*EXERCISE AIM*: Print the data below exactly as it appears.
*** Block opens ***
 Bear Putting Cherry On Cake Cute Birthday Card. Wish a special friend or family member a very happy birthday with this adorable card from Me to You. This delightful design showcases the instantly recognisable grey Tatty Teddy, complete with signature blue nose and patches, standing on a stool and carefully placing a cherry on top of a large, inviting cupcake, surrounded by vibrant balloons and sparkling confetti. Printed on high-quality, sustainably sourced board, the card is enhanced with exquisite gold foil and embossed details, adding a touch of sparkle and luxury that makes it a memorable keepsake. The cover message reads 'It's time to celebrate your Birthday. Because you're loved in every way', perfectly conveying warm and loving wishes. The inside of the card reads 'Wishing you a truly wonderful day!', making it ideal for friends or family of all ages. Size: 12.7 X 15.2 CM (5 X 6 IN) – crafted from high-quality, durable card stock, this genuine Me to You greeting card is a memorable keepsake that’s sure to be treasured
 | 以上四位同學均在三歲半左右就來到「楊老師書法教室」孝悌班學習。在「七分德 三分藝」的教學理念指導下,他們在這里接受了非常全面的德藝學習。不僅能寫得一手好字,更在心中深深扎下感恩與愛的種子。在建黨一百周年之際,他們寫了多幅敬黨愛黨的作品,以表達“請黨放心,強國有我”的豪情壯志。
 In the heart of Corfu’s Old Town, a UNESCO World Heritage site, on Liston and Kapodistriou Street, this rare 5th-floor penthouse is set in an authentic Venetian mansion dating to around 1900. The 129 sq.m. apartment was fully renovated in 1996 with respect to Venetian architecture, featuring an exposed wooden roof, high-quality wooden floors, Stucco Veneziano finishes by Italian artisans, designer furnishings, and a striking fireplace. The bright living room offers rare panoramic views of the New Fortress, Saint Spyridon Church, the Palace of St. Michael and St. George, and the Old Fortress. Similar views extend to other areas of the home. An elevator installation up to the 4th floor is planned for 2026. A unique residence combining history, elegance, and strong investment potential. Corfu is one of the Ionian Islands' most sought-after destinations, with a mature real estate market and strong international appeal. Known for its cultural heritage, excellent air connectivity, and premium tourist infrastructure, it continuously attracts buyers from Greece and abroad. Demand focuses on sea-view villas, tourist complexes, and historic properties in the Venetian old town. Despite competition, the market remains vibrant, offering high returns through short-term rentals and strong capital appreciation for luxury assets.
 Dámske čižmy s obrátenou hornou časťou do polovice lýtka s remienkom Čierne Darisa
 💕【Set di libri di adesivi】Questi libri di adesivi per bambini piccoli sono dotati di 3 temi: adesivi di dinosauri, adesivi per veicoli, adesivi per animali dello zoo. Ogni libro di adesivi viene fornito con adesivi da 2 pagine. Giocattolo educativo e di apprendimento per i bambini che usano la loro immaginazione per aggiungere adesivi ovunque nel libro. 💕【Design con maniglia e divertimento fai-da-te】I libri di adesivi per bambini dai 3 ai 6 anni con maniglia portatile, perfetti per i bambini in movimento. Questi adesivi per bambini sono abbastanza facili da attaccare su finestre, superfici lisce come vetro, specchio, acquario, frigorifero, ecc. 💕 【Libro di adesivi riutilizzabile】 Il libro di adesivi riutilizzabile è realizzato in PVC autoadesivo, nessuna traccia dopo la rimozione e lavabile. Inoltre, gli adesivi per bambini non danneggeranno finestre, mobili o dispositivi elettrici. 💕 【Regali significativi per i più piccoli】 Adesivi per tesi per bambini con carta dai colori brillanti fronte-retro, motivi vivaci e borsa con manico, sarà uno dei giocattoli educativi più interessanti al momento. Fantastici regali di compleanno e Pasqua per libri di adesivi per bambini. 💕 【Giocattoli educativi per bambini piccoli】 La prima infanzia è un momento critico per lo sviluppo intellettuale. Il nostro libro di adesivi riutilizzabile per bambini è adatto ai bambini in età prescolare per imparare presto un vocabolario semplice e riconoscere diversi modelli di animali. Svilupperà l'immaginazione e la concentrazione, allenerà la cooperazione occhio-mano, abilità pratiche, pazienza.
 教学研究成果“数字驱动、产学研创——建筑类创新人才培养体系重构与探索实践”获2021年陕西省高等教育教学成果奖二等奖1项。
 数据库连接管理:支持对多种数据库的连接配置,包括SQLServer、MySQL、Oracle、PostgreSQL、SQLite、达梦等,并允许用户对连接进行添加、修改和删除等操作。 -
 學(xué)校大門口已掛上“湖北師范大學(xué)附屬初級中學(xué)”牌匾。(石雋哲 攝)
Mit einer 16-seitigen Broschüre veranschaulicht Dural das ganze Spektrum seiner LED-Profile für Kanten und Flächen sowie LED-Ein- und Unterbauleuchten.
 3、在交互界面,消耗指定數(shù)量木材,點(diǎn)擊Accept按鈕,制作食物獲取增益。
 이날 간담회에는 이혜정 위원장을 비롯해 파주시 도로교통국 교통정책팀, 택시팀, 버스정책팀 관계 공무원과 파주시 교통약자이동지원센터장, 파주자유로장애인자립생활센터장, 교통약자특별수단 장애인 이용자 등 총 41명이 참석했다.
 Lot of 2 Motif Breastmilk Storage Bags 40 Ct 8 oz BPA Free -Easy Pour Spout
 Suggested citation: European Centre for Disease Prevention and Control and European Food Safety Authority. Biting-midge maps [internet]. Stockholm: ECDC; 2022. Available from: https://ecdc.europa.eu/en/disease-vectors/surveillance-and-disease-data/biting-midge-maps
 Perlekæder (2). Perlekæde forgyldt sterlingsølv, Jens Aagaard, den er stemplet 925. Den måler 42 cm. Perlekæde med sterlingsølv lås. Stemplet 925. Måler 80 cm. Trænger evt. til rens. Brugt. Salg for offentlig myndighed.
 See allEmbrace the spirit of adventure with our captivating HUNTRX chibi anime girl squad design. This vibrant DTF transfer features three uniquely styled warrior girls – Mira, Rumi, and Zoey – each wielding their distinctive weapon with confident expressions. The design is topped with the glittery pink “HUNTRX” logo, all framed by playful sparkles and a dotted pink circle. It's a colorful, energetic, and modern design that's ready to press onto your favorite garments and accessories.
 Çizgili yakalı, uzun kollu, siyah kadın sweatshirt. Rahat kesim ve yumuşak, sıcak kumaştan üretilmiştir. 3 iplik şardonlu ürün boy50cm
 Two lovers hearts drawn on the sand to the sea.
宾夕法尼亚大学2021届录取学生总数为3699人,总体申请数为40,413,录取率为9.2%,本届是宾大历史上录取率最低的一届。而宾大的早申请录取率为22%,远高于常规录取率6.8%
*** Block closes ***
*RESPONSE AREA*:
 Bear Putting Cherry On Cake Cute Birthday Card. Wish a special friend or family member a very happy birthday with this adorable card from Me to You. This delightful design showcases the instantly recognisable grey Tatty Teddy, complete with signature blue nose and patches, standing on a stool and carefully placing a cherry on top of a large, inviting cupcake, surrounded by vibrant balloons and sparkling confetti. Printed on high-quality, sustainably sourced board, the card is enhanced with exquisite gold foil and embossed details, adding a touch of sparkle and luxury that makes it a memorable keepsake. The cover message reads 'It's time to celebrate your Birthday. Because you're loved in every way', perfectly conveying warm and loving wishes. The inside of the card reads 'Wishing you a truly wonderful day!', making it ideal for friends or family of all ages. Size: 12.7 X 15.2 CM (5 X 6 IN) – crafted from high-quality, durable card stock, this genuine Me to You greeting card is a memorable keepsake that’s sure to be treasured
 | 以上四位同學均在三歲半左右就來到「楊老師書法教室」孝悌班學習。在「七分德 三分藝」的教學理念指導下,他們在這里接受了非常全面的德藝學習。不僅能寫得一手好字,更在心中深深扎下感恩與愛的種子。在建黨一百周年之際,他們寫了多幅敬黨愛黨的作品,以表達“請黨放心,強國有我”的豪情壯志。
 In the heart of Corfu’s Old Town, a UNESCO World Heritage site, on Liston and Kapodistriou Street, this rare 5th-floor penthouse is set in an authentic Venetian mansion dating to around 1900. The 129 sq.m. apartment was fully renovated in 1996 with respect to Venetian architecture, featuring an exposed wooden roof, high-quality wooden floors, Stucco Veneziano finishes by Italian artisans, designer furnishings, and a striking fireplace. The bright living room offers rare panoramic views of the New Fortress, Saint Spyridon Church, the Palace of St. Michael and St. George, and the Old Fortress. Similar views extend to other areas of the home. An elevator installation up to the 4th floor is planned for 2026. A unique residence combining history, elegance, and strong investment potential. Corfu is one of the Ionian Islands' most sought-after destinations, with a mature real estate market and strong international appeal. Known for its cultural heritage, excellent air connectivity, and premium tourist infrastructure, it continuously attracts buyers from Greece and abroad. Demand focuses on sea-view villas, tourist complexes, and historic properties in the Venetian old town. Despite competition, the market remains vibrant, offering high returns through short-term rentals and strong capital appreciation for luxury assets.
 Dámske čižmy s obrátenou hornou časťou do polovice lýtka s remienkom Čierne Darisa
 💕【Set di libri di adesivi】Questi libri di adesivi per bambini piccoli sono dotati di 3 temi: adesivi di dinosauri, adesivi per veicoli, adesivi per animali dello zoo. Ogni libro di adesivi viene fornito con adesivi da 2 pagine. Giocattolo educativo e di apprendimento per i bambini che usano la loro immaginazione per aggiungere adesivi ovunque nel libro. 💕【Design con maniglia e divertimento fai-da-te】I libri di adesivi per bambini dai 3 ai 6 anni con maniglia portatile, perfetti per i bambini in movimento. Questi adesivi per bambini sono abbastanza facili da attaccare su finestre, superfici lisce come vetro, specchio, acquario, frigorifero, ecc. 💕 【Libro di adesivi riutilizzabile】 Il libro di adesivi riutilizzabile è realizzato in PVC autoadesivo, nessuna traccia dopo la rimozione e lavabile. Inoltre, gli adesivi per bambini non danneggeranno finestre, mobili o dispositivi elettrici. 💕 【Regali significativi per i più piccoli】 Adesivi per tesi per bambini con carta dai colori brillanti fronte-retro, motivi vivaci e borsa con manico, sarà uno dei giocattoli educativi più interessanti al momento. Fantastici regali di compleanno e Pasqua per libri di adesivi per bambini. 💕 【Giocattoli educativi per bambini piccoli】 La prima infanzia è un momento critico per lo sviluppo intellettuale. Il nostro libro di adesivi riutilizzabile per bambini è adatto ai bambini in età prescolare per imparare presto un vocabolario semplice e riconoscere diversi modelli di animali. Svilupperà l'immaginazione e la concentrazione, allenerà la cooperazione occhio-mano, abilità pratiche, pazienza.
 教学研究成果“数字驱动、产学研创——建筑类创新人才培养体系重构与探索实践”获2021年陕西省高等教育教学成果奖二等奖1项。
 数据库连接管理:支持对多种数据库的连接配置,包括SQLServer、MySQL、Oracle、PostgreSQL、SQLite、达梦等,并允许用户对连接进行添加、修改和删除等操作。 -
 學(xué)校大門口已掛上“湖北師范大學(xué)附屬初級中學(xué)”牌匾。(石雋哲 攝)
Mit einer 16-seitigen Broschüre veranschaulicht Dural das ganze Spektrum seiner LED-Profile für Kanten und Flächen sowie LED-Ein- und Unterbauleuchten.
 3、在交互界面,消耗指定數(shù)量木材,點(diǎn)擊Accept按鈕,制作食物獲取增益。
 이날 간담회에는 이혜정 위원장을 비롯해 파주시 도로교통국 교통정책팀, 택시팀, 버스정책팀 관계 공무원과 파주시 교통약자이동지원센터장, 파주자유로장애인자립생활센터장, 교통약자특별수단 장애인 이용자 등 총 41명이 참석했다.
 Lot of 2 Motif Breastmilk Storage Bags 40 Ct 8 oz BPA Free -Easy Pour Spout
 Suggested citation: European Centre for Disease Prevention and Control and European Food Safety Authority. Biting-midge maps [internet]. Stockholm: ECDC; 2022. Available from: https://ecdc.europa.eu/en/disease-vectors/surveillance-and-disease-data/biting-midge-maps
 Perlekæder (2). Perlekæde forgyldt sterlingsølv, Jens Aagaard, den er stemplet 925. Den måler 42 cm. Perlekæde med sterlingsølv lås. Stemplet 925. Måler 80 cm. Trænger evt. til rens. Brugt. Salg for offentlig myndighed.
 See allEmbrace the spirit of adventure with our captivating HUNTRX chibi anime girl squad design. This vibrant DTF transfer features three uniquely styled warrior girls – Mira, Rumi, and Zoey – each wielding their distinctive weapon with confident expressions. The design is topped with the glittery pink “HUNTRX” logo, all framed by playful sparkles and a dotted pink circle. It's a colorful, energetic, and modern design that's ready to press onto your favorite garments and accessories.
 Çizgili yakalı, uzun kollu, siyah kadın sweatshirt. Rahat kesim ve yumuşak, sıcak kumaştan üretilmiştir. 3 iplik şardonlu ürün boy50cm
 Two lovers hearts drawn on the sand to the sea.
宾夕法尼亚大学2021届录取学生总数为3699人,总体申请数为40,413,录取率为9.2%,本届是宾大历史上录取率最低的一届。而宾大的早申请录取率为22%,远高于常规录取率6.8%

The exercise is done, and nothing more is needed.